Wednesday, 8 January 2014

Blind silence

It has been so long since I blogged that I almost could not remember my password. I would have said it was ingrained on my memory but as it took a good bit of thought to remember, obviously not.

I have always been a prolific writer - mostly of journals and diaries and dreams and fancies and prayers, even the occasional blog post for fun. Yet for months words have been dry and empty. Sawdust in my mind stirring and settling in featureless patterns on the workshop floor and I have written nothing. I have prayed nothing. Prayer written or otherwise has been dark and deeply empty. Not in a good way. I have been shut into the echoing limited frame that has become my mind and body and spirit. It has been wearily bleak to find myself without the resource of prayer to carry me through the rough and the smooth. All my life, in the face of terrible wounding prayer has been my way out, my door to hope and joy and love and warmth and insight. Now there is nothing, and I grope about, lost in a blind silence. Deaf and blind and dumb in a world that I know to be so much more than the one my senses presently reveal to me.
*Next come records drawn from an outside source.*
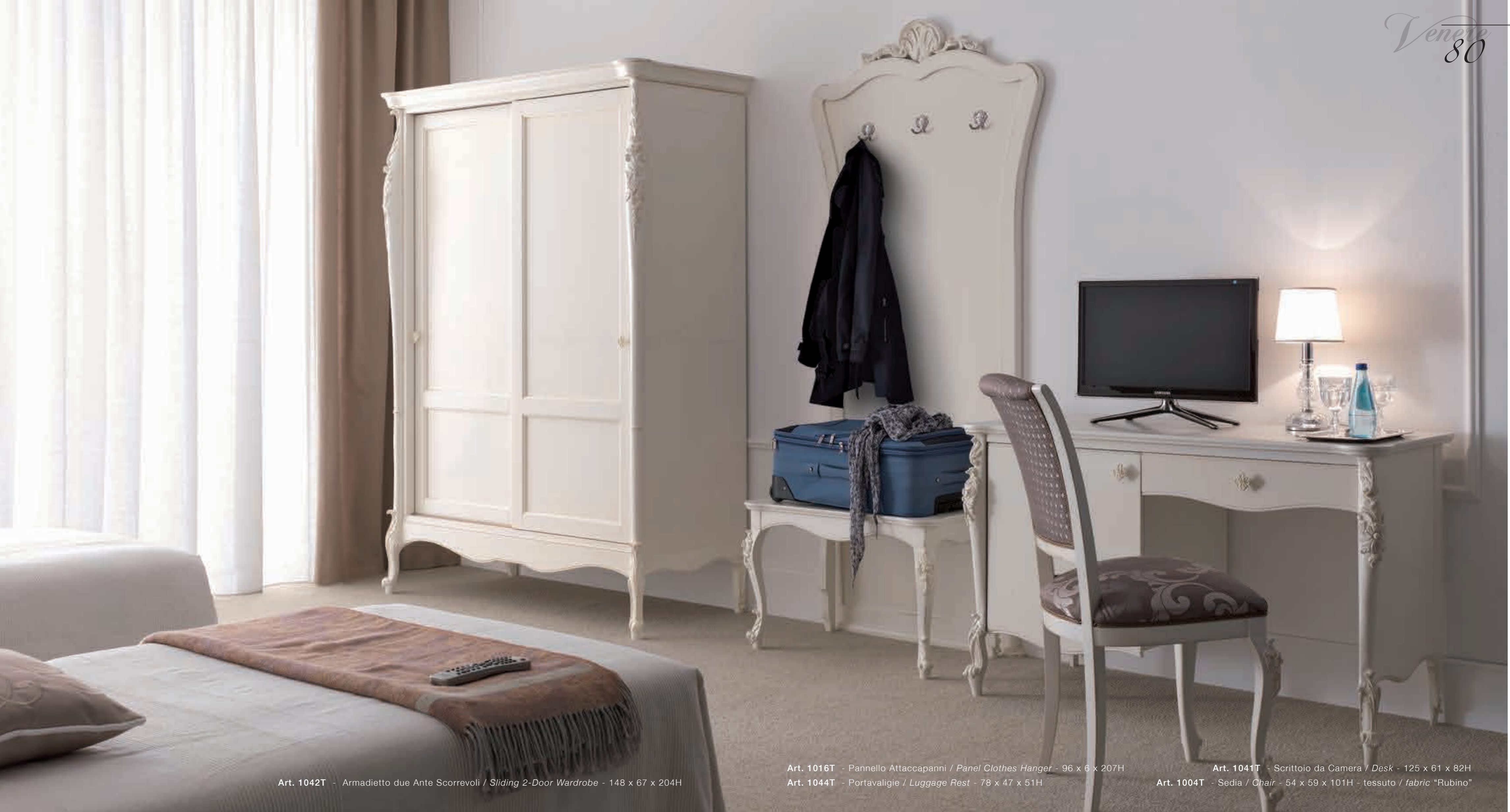
Art. 1042T - Armadietto due Ante Scorrevoli / Sliding 2-Door Wardrobe - 148 x 67 x 204H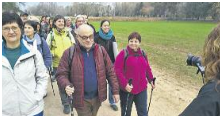
Rodatge del vídeo promocional de la Marxa.

Al Baix Llobregat se celebraran diverses etapes. La primera serà el 24 de juliol i recorre 7,3 quilòmetres des d'Esplugues fins a Sant Feliu. L'endemà es recorre de Sant Feliu a Molins de Rei -14,3 quilòmetres-. El 26 de juliol la ruta sortirà de Molins de Rei, passarà pel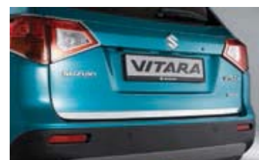
Zaštitna lajsna na stražnjim vratima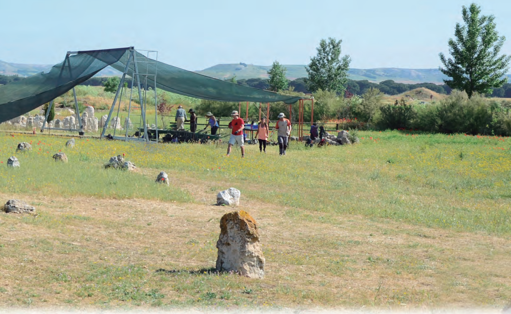
Concentración de estelas en los sectores F1g8 y F1h8.

Con previsiones de futuro se abrió una larga trinchera de dieciséis sectores de excavación en las cuadrículas F1 y F2, delimitados al norte por las intervenciones de 2013 (F1) y 2007-08 (F2) y al oeste por la Zanja II (1985-87), al tiempo que se dejaron libres de excavación los sectores “i”, tanto de F2 como F1, para facilitar el desplazamiento de una de las patas de apoyo de la estructura bípode sustentadora de la malla sombreadora. Previamente a la intervención arqueológica se procedió a eliminar con medios mecánicos la capa correspondiente a la canalización del arroyo de La Vega, cuyos limos compactos y grisáceos fueron extendidos en 1984 por la superficie de la necrópolis. Finalmente se cercó el área y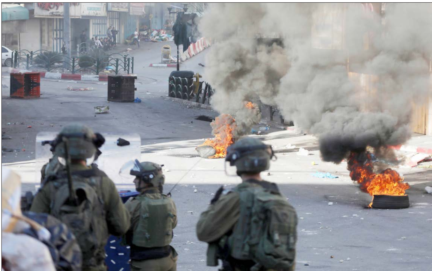
مواجهات بين شبان فلسطينيين وقوات الاحتلال في مدينة الخليل أمس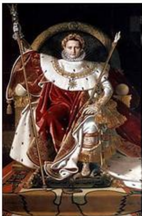
Энгр. Наполеон на императорском троне. 1806

К 1812 году император французов Наполеон I покорил и подчинил своему влиянию почти все страны Европы. Его Великую армию в России называли армией «двунадесяти языков». Но для русского солдата все они были «французами».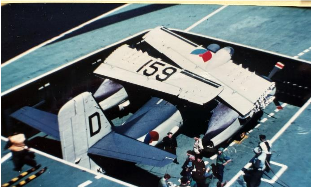
“Grumman Tracker aan boord van de Hr.Ms. Karel Doorman.”

Als 2-jarig ukkie heb ik bij mijn vader op de arm naar een Grumman Tracker (S-2F) gekeken die heel laag over onze flat vloog en waarbij in het donker alle lampjes zichtbaar waren. Er werd geoefend met nachtvliegen en ik vond dat geweldig mooi om te zien en te horen.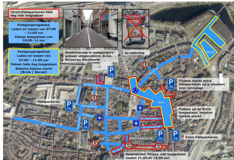
Verkeersmaatregelen COVID-19 binnenstad Deventer vanaf 12 oktober 2020

Ivm mogelijke rellen agv corona maatregelen zijn veel hekken en is bebording verwijderd. Nog niet teruggeplaatst.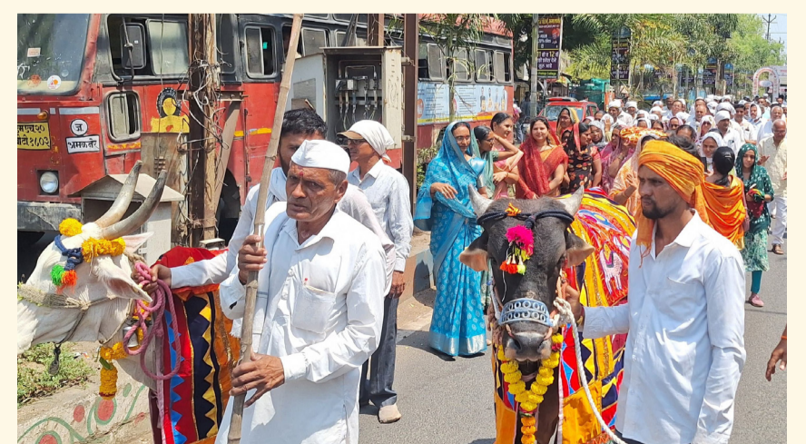
अमळनेर : गौसन्मान रॅलीमध्ये सहभागी झालेले गोसेवक.

तहसीलदारांना हजारो गोसेवकांच्या सहांचे निवेदन देण्यात आले. निवेदनात गो हत्या बंदीचा एक देणू, एकच कडक कायदा करून गौमाता राष्ट्र माता घोषित करावी, केंद्रीय गोसेवा आणि संरक्षण कायदा लागू करावा.सर्व कत्तलखान्यांचे पुरवावे रद्द करावे,स्वतंत्र केंद्रीय गौ मंत्रालय स्थापन करावे यासह अन्य मागण्या करण्यात आल्या. गौमतेवर अपार श्रद्धा ठेवणाऱ्या हिंदू बंधू भगिनींनी यावेळी मोठ्या संख्येने उपस्थिती दिली.

Repeatedly I recall my retreat in early August and wonder what happened there that precipitated this blankness, this emptiness. This wavering, wandering spirit with in me that skitters like light reflected off wave ruffled water in the early morning light. The predominant sense was one of exhaustion, as I indeed was when I arrived at the Monastery. Yet in the days and weeks and months that have followed I have found within myself nothing but an unwillingness to pray.

And I today I find the courage to acknowledge that and to ask where did that unwillingness come from?

Perhaps the beginning is to simply surrender to what is and let go of what I think should be.